Here, j=1. N corresponds to N range compression processors, respectively. [Area j-i] is an azimuth compression processor (1) rather than a range compression processor (j).
5, which connects the range compression processor and azimuth compression processor in FIG.
transferred via the linkage path. With this data transfer.

Data in the X direction is transposed in the y direction for each region, and each azimuth compression processor collects all data in the azimuth direction. This data transfer process between each range compression processor and each azimuth compression processor corresponds to the 12 corner turns in FIG. For M azimuth compression processors, each
From region X1 to region XH shown in FIG. 5, the formula (7
) are executed in parallel. That is, data gx+ (x+ y)l (i==1
．． The azimuth compression processor (I) performs fast Fourier transform (FFT) in the y direction on M), and performs a product operation of the result and the azimuth reference function Fy (h2(y)). This result is subjected to inverse fast Fourier transform (IFFT), and the processing is completed. The calculation results for each region in FIG. 5 are transferred for each region to the multi-look addition processor via the 6 inter-processor linkage paths in FIG. 1, and are integrated into - images. Note that it is also possible to omit this multi-look addition processor and use the arithmetic control section instead.

FIG. 7 shows a processor configuration common to the range compression processor, azimuth compression processor, and multi-look addition processor. The host interface 13 controls data transfer with the calculation control unit (Fig. 1).
It receives data to the buffer memory of 14 or transmits data from the buffer memory of 14. The 15 processing units are FFT.

Performs IFFT or multiplication with a reference function.

The input/output channels 1 to n are used for data transmission with other processors having the same structure as in FIG. 7, and each of the 17 input/output channels is as follows.
Data is transmitted and received between either the 18 buffer memories 1 or the 18 buffer memories 2 and the buffer memories of other linked optical processors. These n input/output channels operate simultaneously in parallel, and also operate in parallel with the 15 arithmetic processors. Switch SW 19 switches the 18 buffer memory areas accessed by each of the 17 input/output channels, and switches between the 18 buffer memory areas accessed by the 15 arithmetic processors and the 17 input/output channels alternately.
Controlled by 0 switch controller. The 16 memories store programs and data used by the 15 processors.

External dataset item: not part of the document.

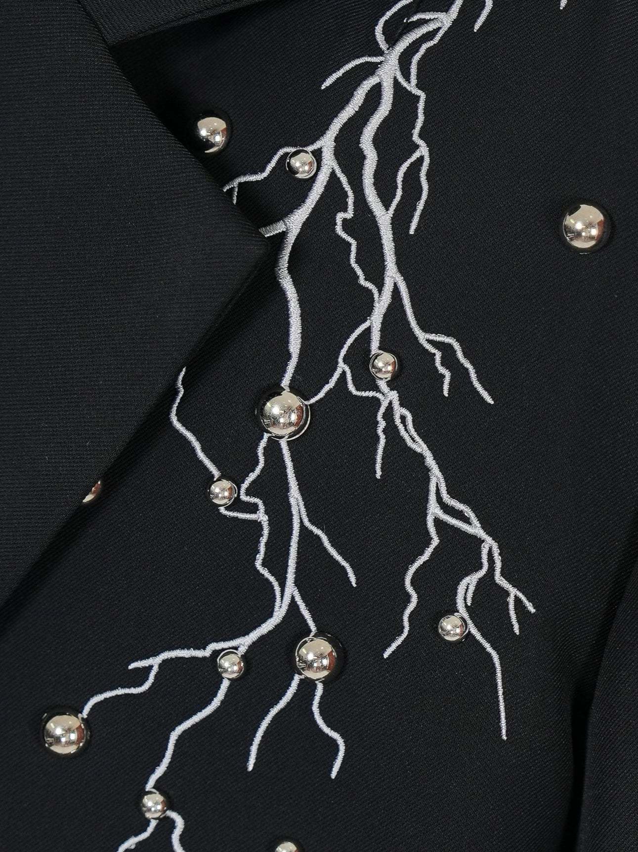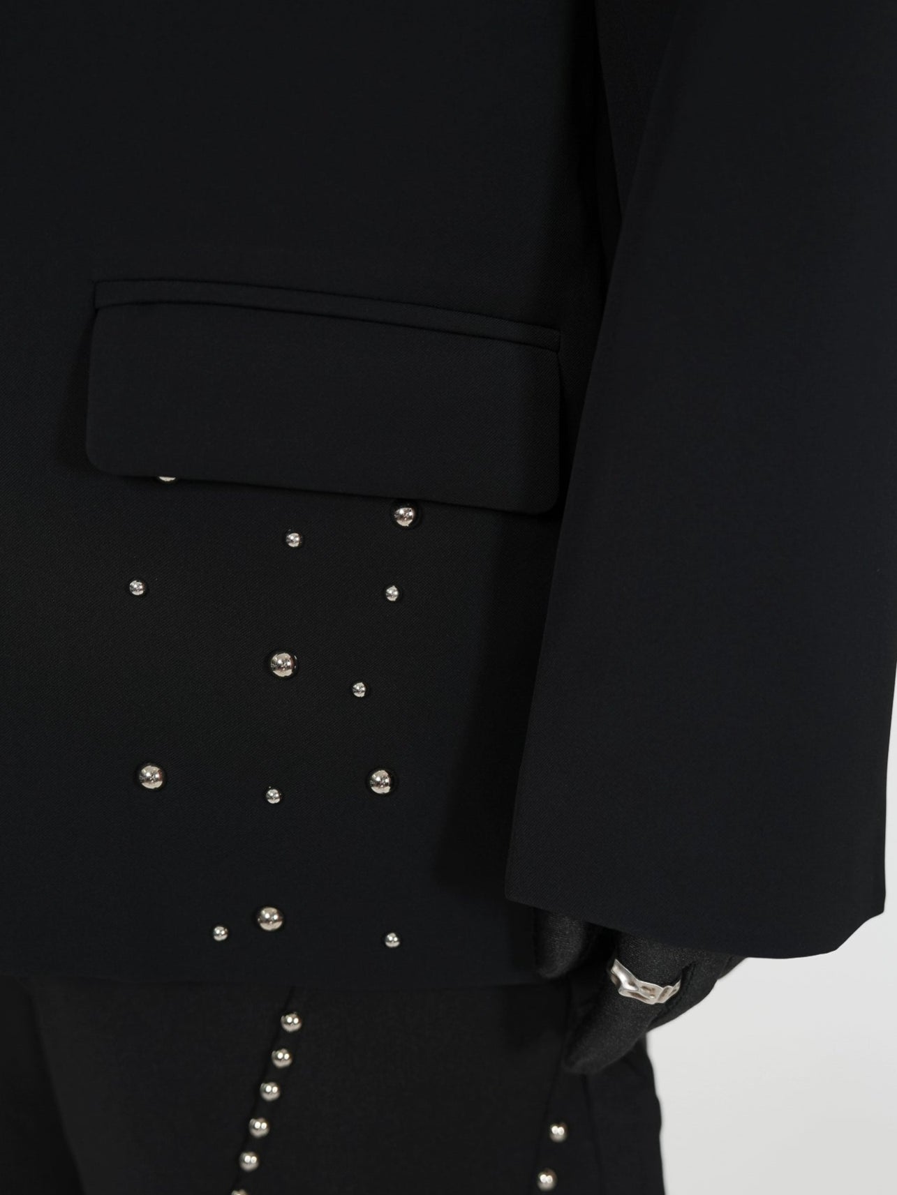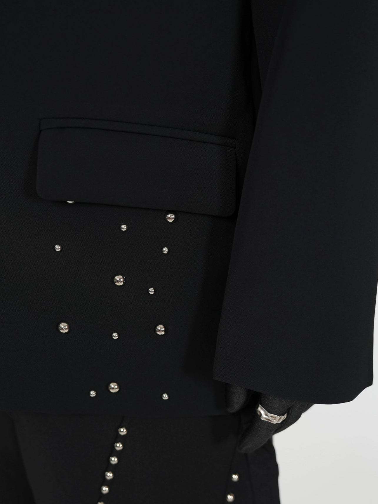 Crafted from smooth 100% polyester, the structured single-breasted blazer is designed with padded shoulders and metal embellishments across the lapels and cuffs, adding a bold yet polished finish. The wide-leg trousers balance the top with evenly aligned studded accents down the legs, creating a clean and confident silhouette made for impact.

In FIG. 1, the connections between the two range compression processors, the three azimuth compression processors, and the four multi-look addition processors are made by interconnecting the input and output channels in FIG. The 17 input/output channels may be either parallel transmission or serial transmission. In the inter-processor connection path shown in Figure 1, 5.6, the direction of data transfer is fixed, and data is transmitted unidirectionally from the range compression processor to the azimuth compression processor, and from the azimuth compression processor to the multi-look addition processor. . Therefore, in a connection between processors, one output channel is always connected to the other input channel.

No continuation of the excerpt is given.